Contents of the module

  • Basics: Inverse problems in geophysics and data assimilation in meteorology, overview of methods and definitions
  • Deterministic approaches: linear problems, general formulation, least-squares method, normal equations, Jacobian matrix, generalised matrix inverse, adjoint and tangent-linear models, SVD decomposition, data and model gain matrices, data and model covariance matrices (data error and model assessment), nonlinear problems, Jacobian matrix, iterative conjugate gradient and Gauss- Newton methods, regularisation (Occam, Levenberg-Marquardt)
  • Stochastic approaches, general formulation, Bayes theorem, optimal estimation, information content, error assessment
  • data assimilation, optimum interpolation, 3d-var, Kalman filtering and 4d-var
  • Applications: geoelectric and electromagnetic methods, gravity, magnetics, remote sensing of the atmosphere (humidity and temperature), weather forecasting
4 Teaching/Learning methods

Lectures and tutorials (compulsory attendance in the tutorials)
5 Requirements for participation

Formal: None.

Regarding content: Basics of mathematics and physics

Type of module examinations

Written Examination (graded)

7 Requisites for the allocation of credits

Successful participation in the tutorials (50 % of the possible points have to be obtained) and passing a final examination.

At the end of the semester or to the beginning of the following semester a possibility to repeat the examination is offered. A failed examination may be repeated twice. Additional possibilities to repeat an examination exist according to the examination regulations (§ 20 section 1).

Assessments which have been passed are not allowed to be taken again. There is an exception: If at the end of a module which consists of a lecture and tutorial classes, the student takes the assessment at the first available date after having received admission to the module exam, he/she is then allowed to take the assessment again at the next available date for the purpose of improving the grade, even if he/she passed the assessment the first time – in this case, the better of the two grades will count towards the final degree grade (§ 20 section 9).

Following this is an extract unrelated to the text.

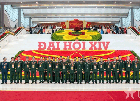 បណ្ដាសមមិត្តអតីតថ្នាក់ដឹកនាំក្រសួងការពារជាតិ រួមជាមួយគណៈប្រតិភូតំណាងបក្ខភាគគណះបញ្ជាការកងទ័ពក្នុងមហាសន្និបាត។ រូបថត៖ ទ្រុងហាយ

The module mark is the grade obtained in the assessment. In the case of two passed assessments the module mark is the better grade.
8 Compatibility with other Curricula

9 Significance of the module mark for the overall grade

10 Module coordinator

B. Tezkan and H. Elbern
11 Additional information

Recommended Literature:

Aster, R.C., B. Borchers, C.H. Thurber, Parameter estimation and inverse problems, Elsevier, 2005.
Bennet, A. F., 2005. Inverse Modeling of the Ocean and Atmosphere. Cambridge University Press, ISBN: 9780521021579.
Evensen, G., 2009. Data Assimilation: the Ensemble Kalman Filter. Springer, SBN 978-3-642-03711-5
Kalnay, E., 2003. Atmospheric Modelling, data assimilation and predictability, Cambridge Univ. Press, 342 pp.
Meju, M.A., 1994. Geophysical data analysis: Understanding inverse problems, Theory and practice, Society of Exploration Geophysicists.
Rodgers, C. D., 2000. Inverse methods for atmospheric sounding: Theory and practice. World Scientific, 238 pp.
Menke, W., 2012. Geophysical Data Analysis: Discrete Inverse Theory – 3rd Ed., Elsevier.
Oliver et al., 2008, Inverse Theory for Petroleum Reservoir Characterization and History Matching, Cambridge Univ. Press.
Tarantola, A., 2005. Inverse Problem Theory and Methods for Model Parameter Estimation. SIAM. ISBN 978-0-89871-572-9.